"LLMs are, as Ted Chiang pithily put it, blurry JPEGs of human knowledge - that is, they are tools for generating lossy summarizations of large bodies of human knowledge."
A better metaphor might be that LLMs are microscopic images at, and below, the diffraction limit. Strictly speaking, one is skating on very thin ice if they take any object in a microscopic image that is below the diffraction limit as real (as opposed to an artifact). However, as video microscopy gained purchase in the 80s and 90s, it became clear that one could use motion to discriminate real objects from artifacts. Much as analyticity allows you to assume a type of continuity for a function, observed motion that obeys (or appears to be consistent with) physical law allows you to assume some smudge in the field of view is a vesicle on a kinesin motor running along a microtubule rather than just a typical smudge-artifact on a static field of view. I'm grossly simplifying, but it is possible to see objects that are below the diffraction limit using video microscopy that would be dismissed as mere artifacts on a static image. It's blurry like an overly compressed jpeg but there is also data that can be extracted by using clever technique even though it appears not to be there at all.
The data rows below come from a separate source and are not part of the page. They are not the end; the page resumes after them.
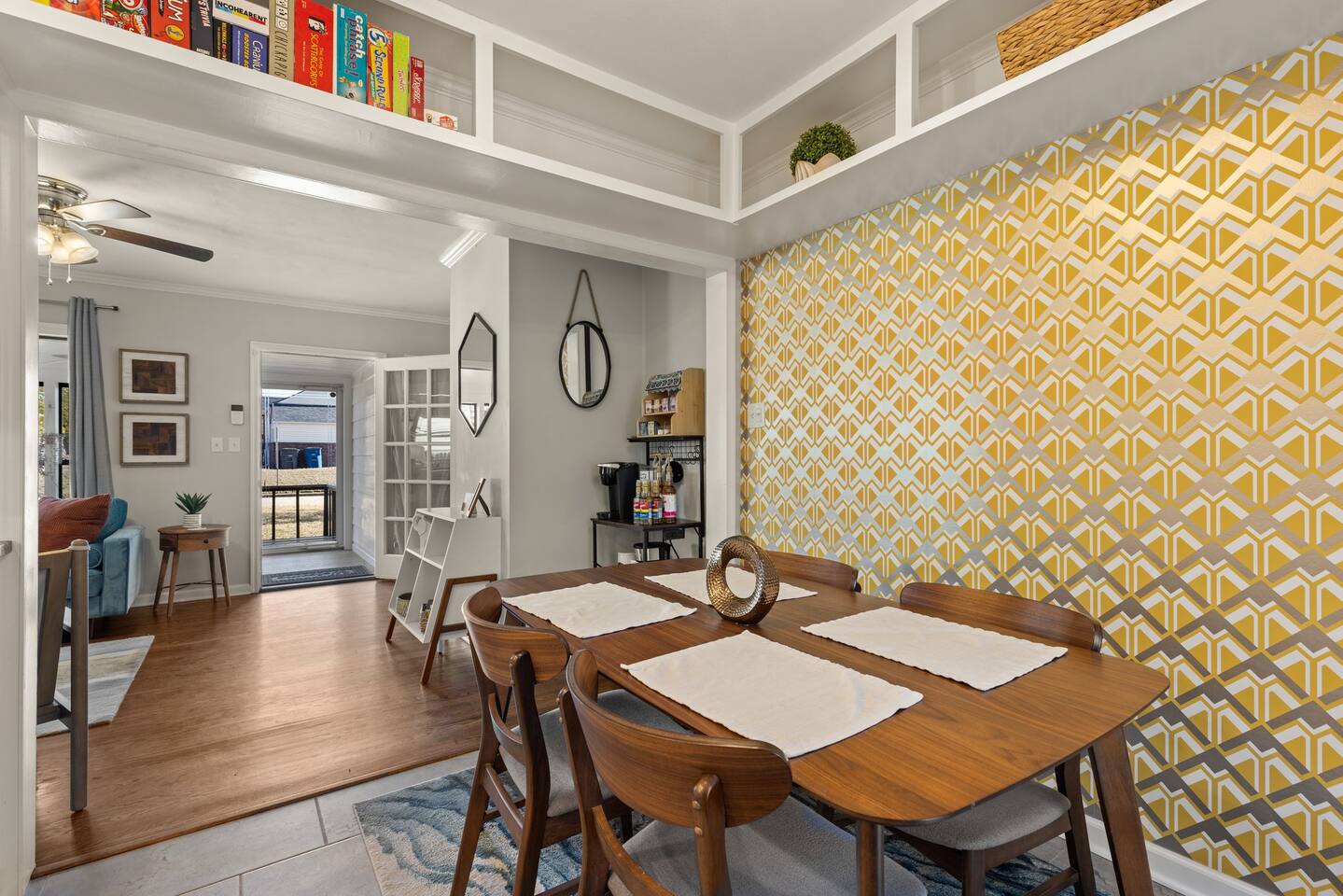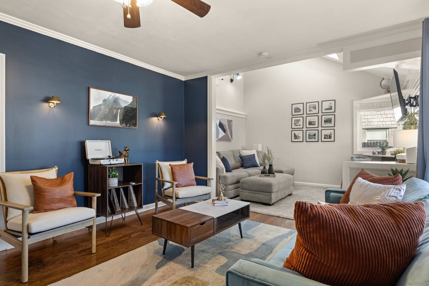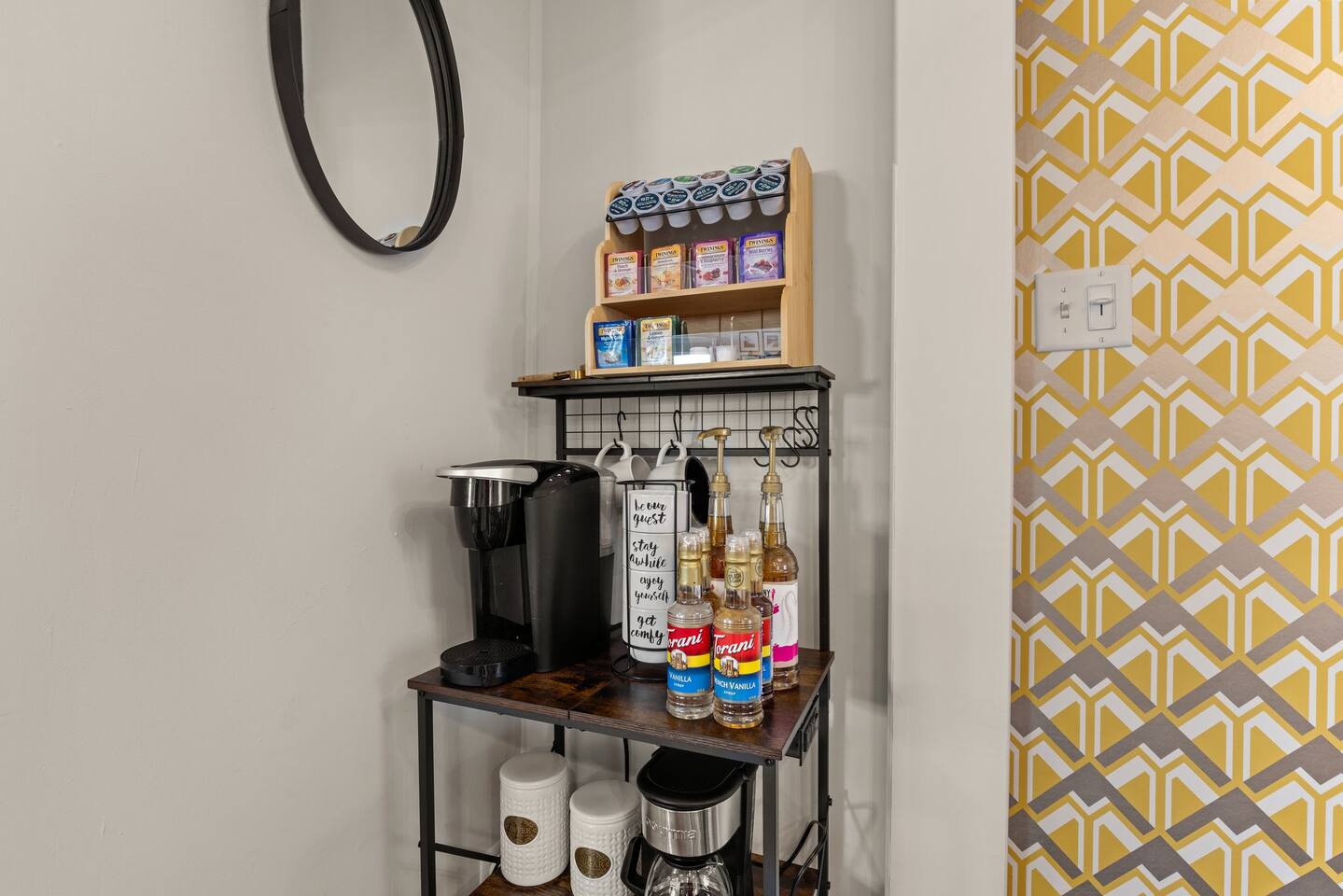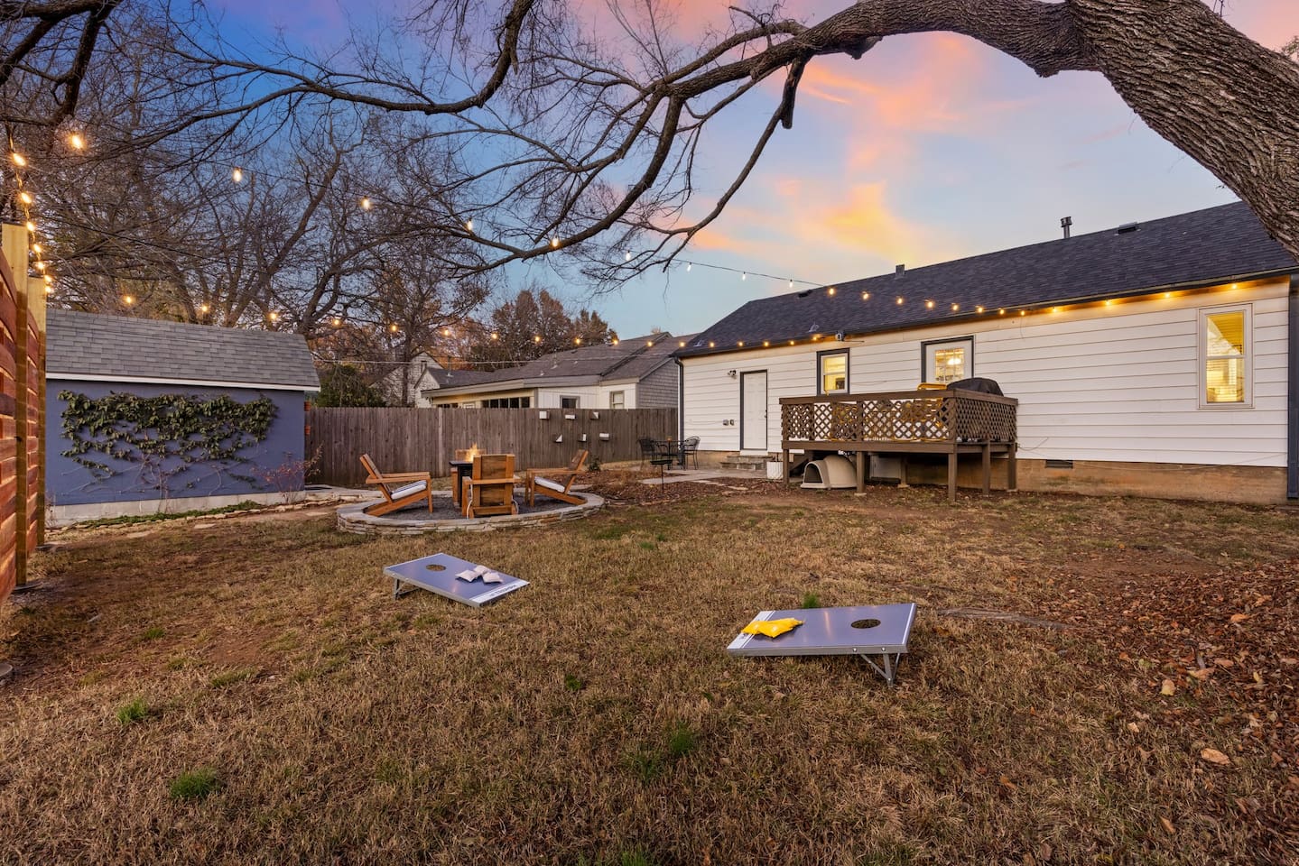 ~Living room~ There is a large smart TV that allows for unlimited streaming. There are two comfortably sofas, one of which is great for stretching out and relaxing like you are at home. WIFI- compatible with working remotely. Plenty of seating for all guests. There is a record player with fun albums available. plenty of throw pillows and blankets. Two additional blankets for your pet and an available dog bed if needed to have a nice space for your pet to rest near you. (Please note the fireplace is not functional) ~Kitchen & Dining~ Fully equipped kitchen, with every item we could think of to include to accommodate your stay. Fully stocked coffee & tea bar is included. variety of coffees including decaf, tea, honey, flavors, honey, cream, splenda and sugar. Board games stored in shelving in dining room. ~Bedroom One~ Queen size, very comfortable bed, closet, dresser, night stands, ceiling fan, chair, lamps. Accommodates 2 guests ~Bedroom Two~ Full over full trundle bed (two mattresses), very comfortable mattress, closet, ceiling fan, chair, lamp. Accommodates 4 guests. Playpen stored in this closet. ~Full Bathroom~ Located in the hall between two rooms. hairdryer available. Shower/tub located in the bathroom. ~Laundry room~ Washer and dryer with soap available for a few washes if needed as well as an iron. There is a small vacuum. mop and broom here. This room is just off of the Kitchen and located inside the home. Cornhole stored in laundry room. ~Outdoor Space~ Small deck off of kitchen, outdoor string lights, decorative privacy fencing. Fully fenced backyard. three different seating areas. Easy start firepit and propane BBQ grill just off kitchen on deck. Cornhole for a little fun is available. This is a very relaxing space after a busy day!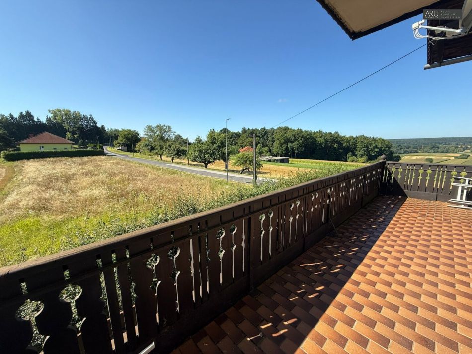 Ein besonderes Highlight ist der großzügige Balkon im Obergeschoss, von dem aus man eine fantastische Aussicht über die sanft hügelige Landschaft genießt – perfekt, um den Tag in Ruhe ausklingen zu lassen. Die ruhige, naturnahe Lage rundet das Gesamtbild dieses Hauses ab.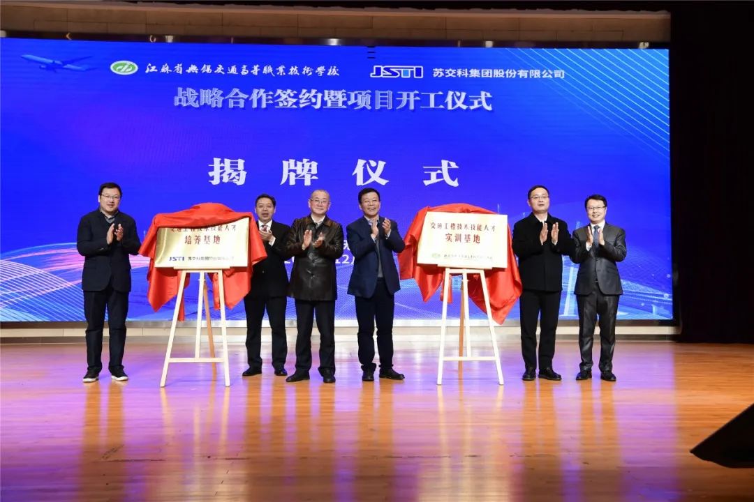 金凌副厅长、夏成满书记、朱晓宁总裁、李虎书记、俞刚局长、惠恭健副局长共同见证战略合作协议的签订,共同为“苏交科集团交通工程技术技能人才培养基地”和“华体会网页版页面登录技术技能人才实训基地”揭牌,并启动生产性交通工程试验检测中心项目开工仪式。

The trick with deep conv nets is that the multiple layers allow sequential correlations, rather than static correlations, to give one an opportunity to infer a causal process (like physical motion in the microscopic field). Unfortunately, the "one" who is given that opportunity is a computer program, so it doesn't really have the experience of cause-and-effect, built up through years of manipulating the environment. Thus the program will often infer causation through sequential correlations that are "unphysical" and thus spit out an extrapolation that is ridiculous to a human (so-called hallucinations). If there was some way for an LLM to back out the series of correlations that led to a particular result, when asked to explain itself, we might learn something about the kind of "unphysical" correlations that cause these errors.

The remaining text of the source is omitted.